25 janvier 2011

La Résidence

Donc oui, depuis mon retour dans l'espace Schengen j'ai travaillé au Parc tous les soirs. Et ce n'est pas parce que c'est relâche au théâtre le lundi que j'ai arrêté pour autant. Lundi, j'avais un autre boulot qui commençait. Vu mon poste à mi-temps au Parc je peux me permettre de travailler ailleurs aussi.

Lundi je suis partie à Cosnes-et-Romain. C'est une petite ville de rien du tout dans le nord de la France, en Lorraine, à 10 minutes du Luxembourg et 10 minutes des Ardennes belges. Je vous écris de là, justement.



J'ai évoqué dans un blog précédent mon travail sur une pièce de théâtre, il y a de cela deux ans.
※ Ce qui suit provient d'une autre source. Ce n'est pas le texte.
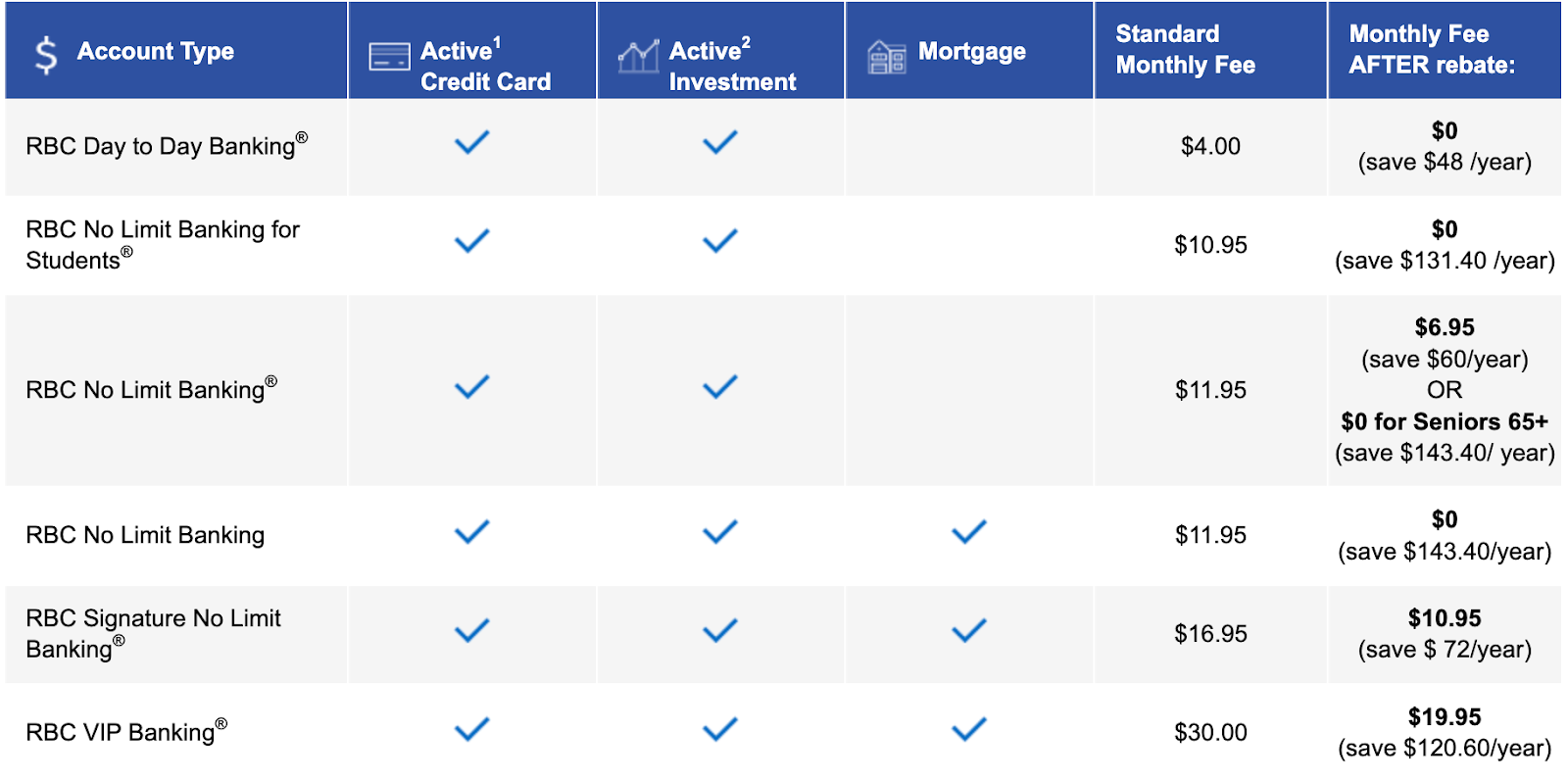 Before we break down each account, know that RBC offers MultiProduct rebates rather than “packages” like you’d find in Scotiabank’s Ultimate Package or TD’s All Inclusive Banking Plan.
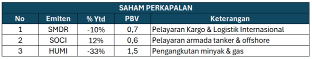 Beberapa saham emiten perkapalan yang berpotensi diuntungkan seperti:
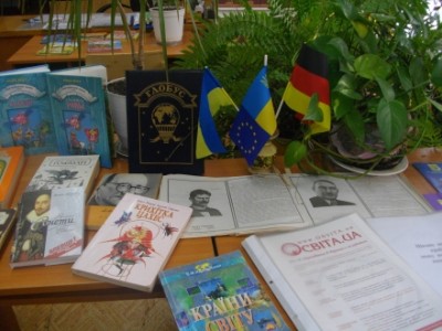 Цікавою та змістовною була виставка дитячих малюнків учнів 5-7 класів «День Європи в Україні» та творчих робіт учениць 7-Б класу Додонової Марії, Ніколаєнко Юлії та Степанової Ірини.
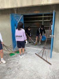 次はフライパンに油を入れて炒めます。かたいにんじんから入れていきます。火加減や炒める時間が分からず、いつの間にか焦げているグループもありました。子どもには人気のないピーマンなどの野菜ですが、自分たちで作ったものはきっとおいしかったにちがいありません。
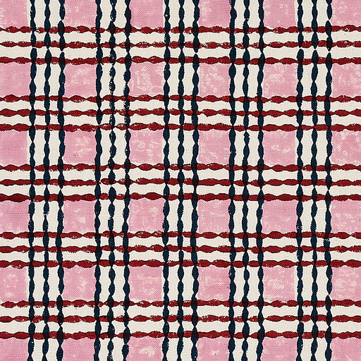 | /Trellis, a cotton-linen blend fabric, features a block-printed, multi-tonal checkered rose-and-midnight-colored pattern that was inspired by the la...
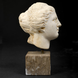 Piccola scultura di volto femminile in stile classico realizzato in pietra calcarea. Base quadrata in marmo. XX secolo, cm 11x3,5x3,5, (difetti)
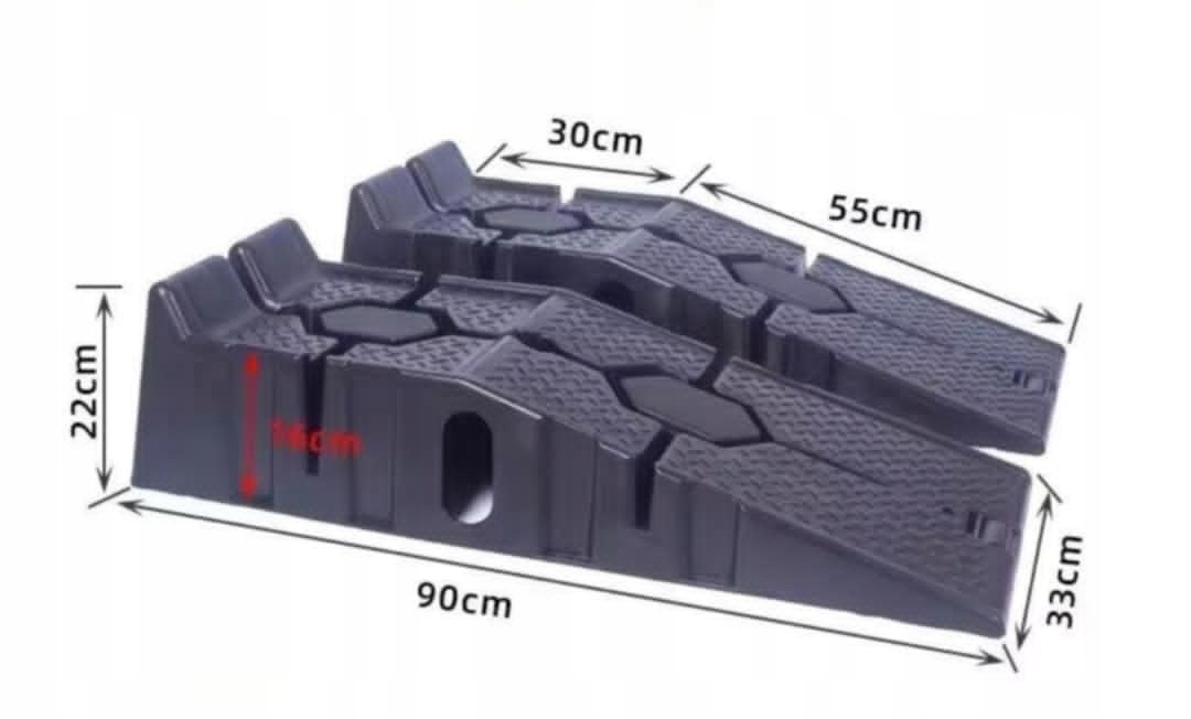 • ➡️ Solidna konstrukcja – Rampy wytrzymują obciążenie do 3 ton, zapewniając stabilność i bezpieczeństwo podczas użytkowania. Trwały materiał odporny jest na pęknięcia i odkształcenia.
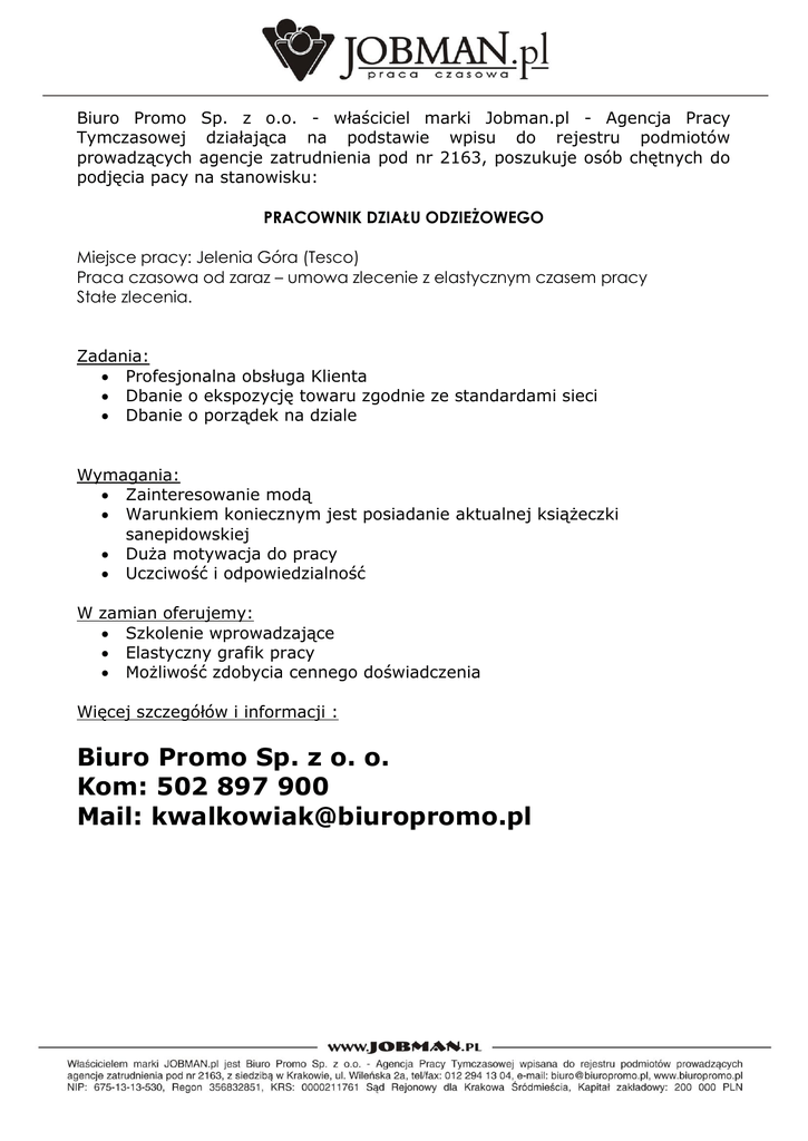 Biuro Promo Sp. z o.o. - właściciel marki Jobman.pl - Agencja Pracy Tymczasowej działająca na podstawie wpisu do rejestru podmiotów prowadzących agencje zatrudnienia pod nr 2163, poszukuje osób chętnych do podjęcia pacy na stanowisku: PRACOWNIK DZIAŁU ODZIEŻOWEGO Miejsce pracy: Jelenia Góra (Tesco) Praca czasowa od zaraz – umowa zlecenie z elastycznym czasem pracy Stałe zlecenia. Zadania: Profesjonalna obsługa Klienta Dbanie o ekspozycję towaru zgodnie ze standardami sieci Dbanie o porządek na dziale Wymagania: Zainteresowanie modą Warunkiem koniecznym jest posiadanie aktualnej książeczki sanepidowskiej Duża motywacja do pracy Uczciwość i odpowiedzialność W zamian oferujemy: Szkolenie wprowadzające Elastyczny grafik pracy Możliwość zdobycia cennego doświadczenia Więcej szczegółów i informacji : Biuro Promo Sp. z o. o. Kom: 502 897 900 Mail: [email protected]
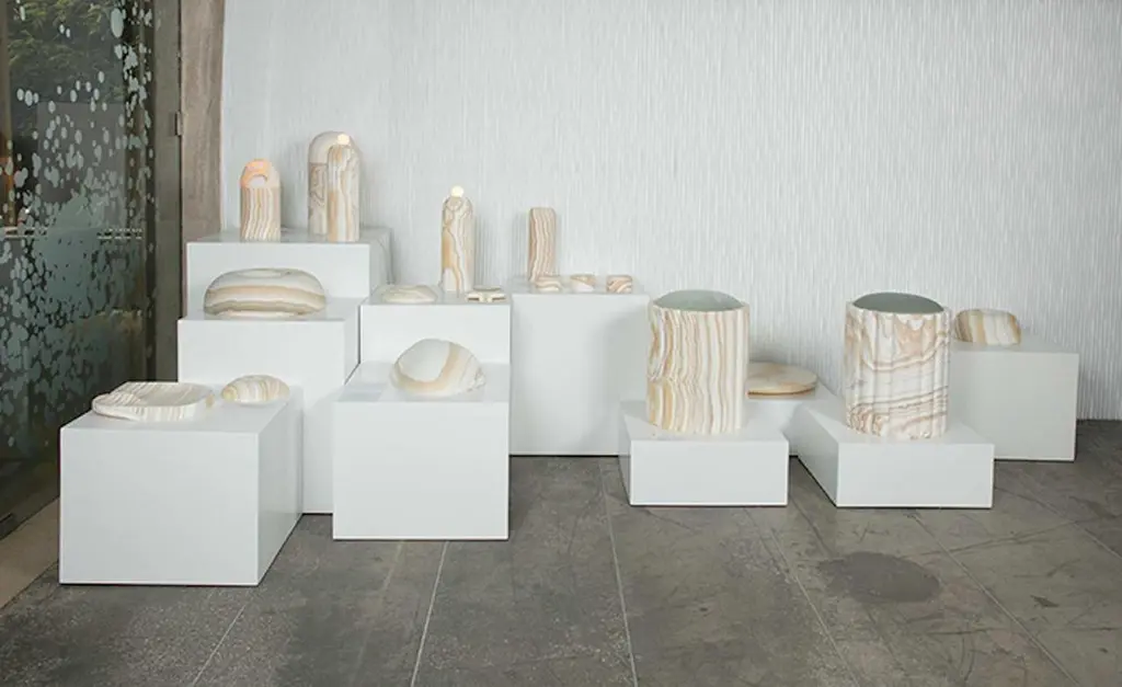 Of Egyptian/Lebanese roots, Omar Chakil developed the series, volutes, made of unvarnished, untreated, raw Egyptian alabaster which he calls Pharaonic alabaster to differentiate it from other kinds of onyx marbles. Launched during Beirut Design Fair 2018 and ‘House of Today’ Biennale, the series examines the energy of movement and sensuality inspired by the stone’s ancient healing, mystic and soothing swirl-like motifs. “The idea was to find an emblematic Egyptian mineral and use it to create contemporary objects that would build bridges between past and present, craft and design, earthly and ethereal...”, says Chakil. Volutes is entirely handmade in Egypt merging his Egyptian roots with his French aesthetic heritage through sobriety and grace.
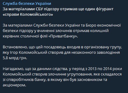 Встановлено, що ця посадова особа входила до організованої групи, яку Ігор Коломойський створив для незаконного заволодіння 5,8 млрд. грн.
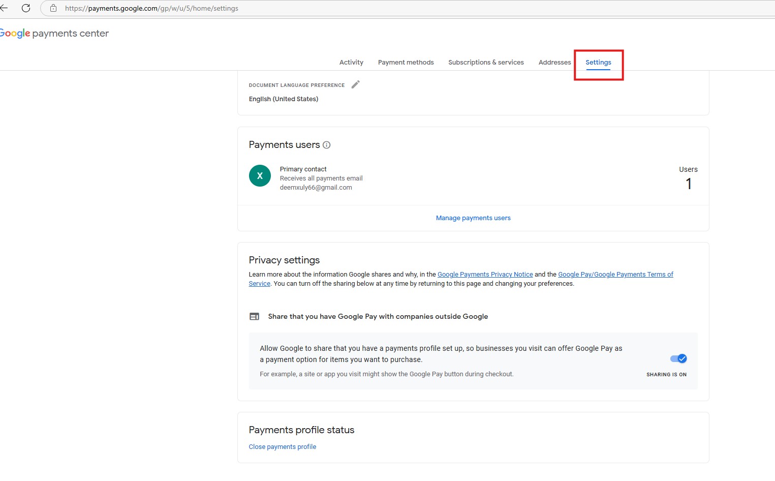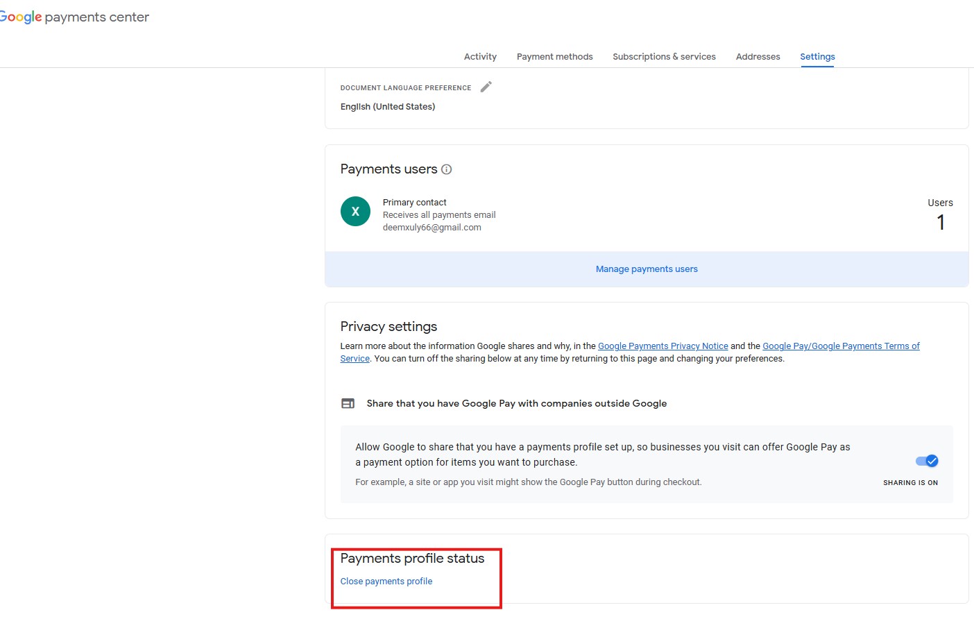 Bước 6: Đăng nhập vào đường link Google Pay có hình ảnh như bên dưới là đã đóng phương thức thanh toán thành công.
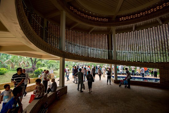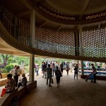 Following the ramp, visitors will be able to see the central stage from different angles, where people usually gather and interact. Furthermore, the roof and facade of the building are inspired from the Urumqi residential type called "Ayiwang" and the brick form. Those traditional archetypes and the choice of simple materials make people feel the ever-changing architectural light and shadow. At the same time, it helps to touch their memories of the beautiful Urumqi, enjoying the beauty of the pavilion.
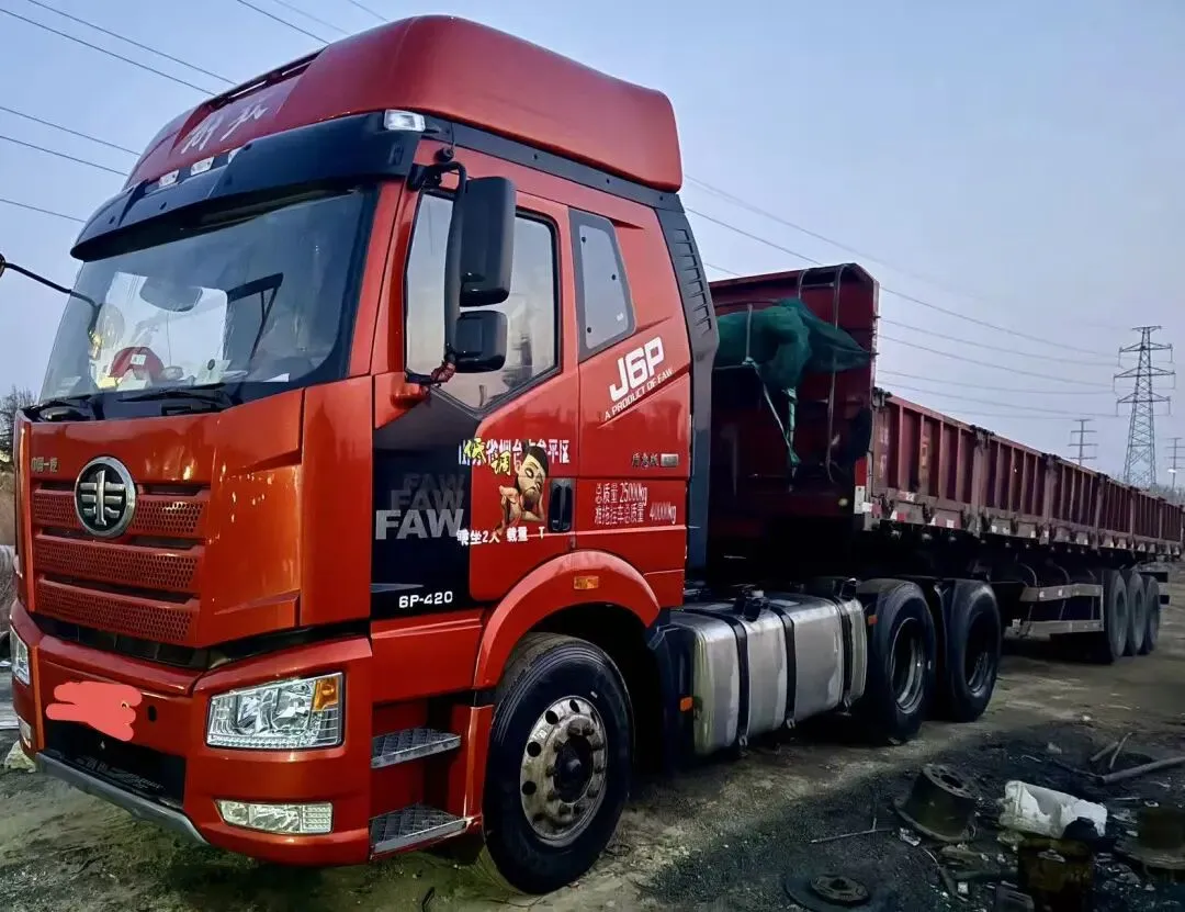 出售2019年10月解放J6P,420马力,带一整年交强险,商业险还有三个月,车况原版,干活中车,刚保养完毕,回家不用花一分钱。挂车是19年11月,带侧翻,车底平,现在便宜出售电话13884652000
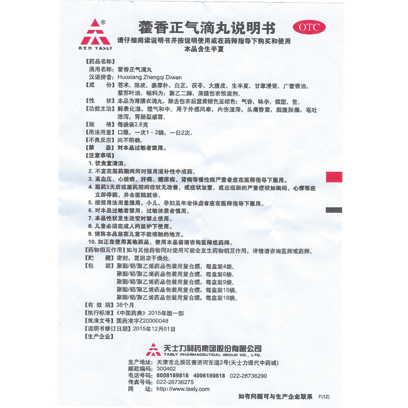 - 商品名称:天士力 藿香正气滴丸 2.6g*9袋/盒
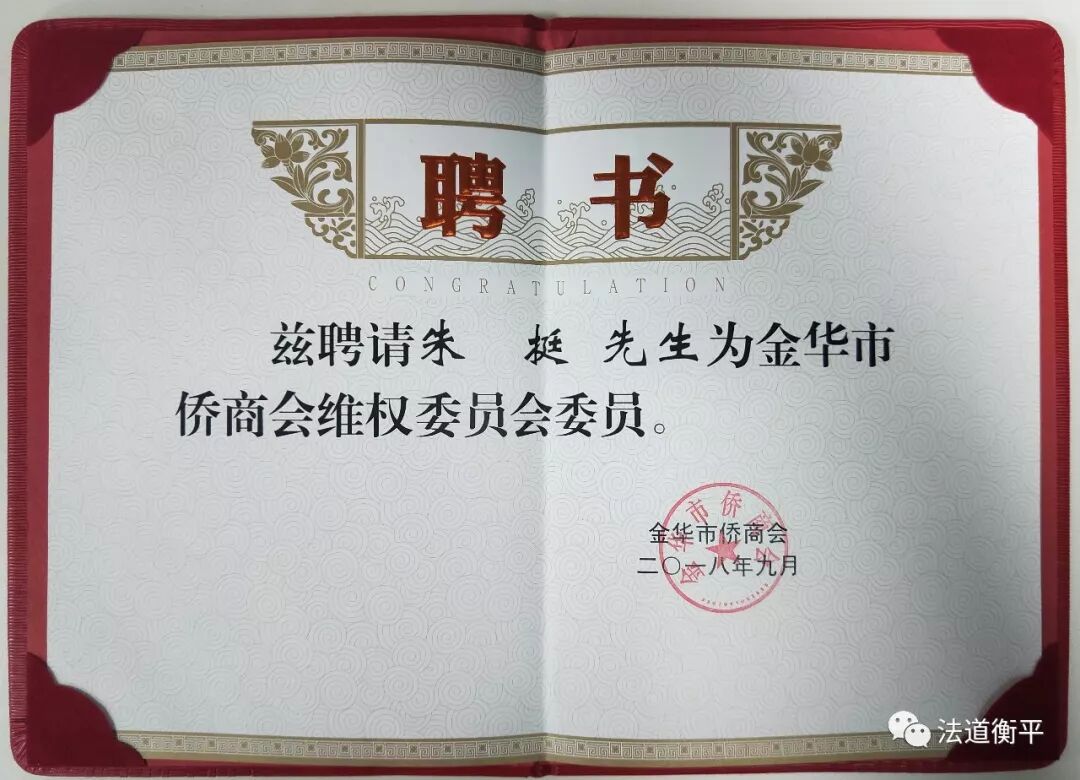 (金华市侨商会监事长、法国金华商会会长张磊为朱挺律师颁发聘书)

Un collègue de classe comédien et metteur en scène montait un texte du Portugais Pessoa, L'heure du diable. Il m'avait alors demandé de faire le travail scénographique. À l'époque, c'était une étape de travail. Nous l'avions présenté devant un public, mais comme work in progress.




Ça vous dit quelque chose? On l'a rejoué en octobre dernier, une date dans un festival.

Cette fois, nous avons une semaine de résidence dans un théâtre pour pousser le travail plus loin, l'aboutir. Depuis deux ans beaucoup de choses ont changées, dont l'équipe et notre vision du texte. Et comme je m'occupe de l'espace et que je souhaite profiter du lieu où la pièce est jouée, mon décor doit à chaque fois s'adapter, changer de forme, et bien sûr, servir les comédiens dont le travail évolue toujours.

Nous sommes super heureux. Nous avons une grosse semaine pour se consacrer qu'au travail. Nous logeons directement dans le théâtre, nous avons quelqu'un qui nous prépare à manger tous les jours, nous passons tout notre temps sur le plateau. Un petit côté camp de vacances mêlé à un gros côté travail intensif.

Le théâtre appartient à un couple. Ils sont charmants. Le théâtre est situé dans la zone industrielle de la ville, et aujourd'hui, lors de la prise des photos, il faisait un temps typique d'ici. Comme vous voyez, il est difficile d'être tenté par autre chose que le travail.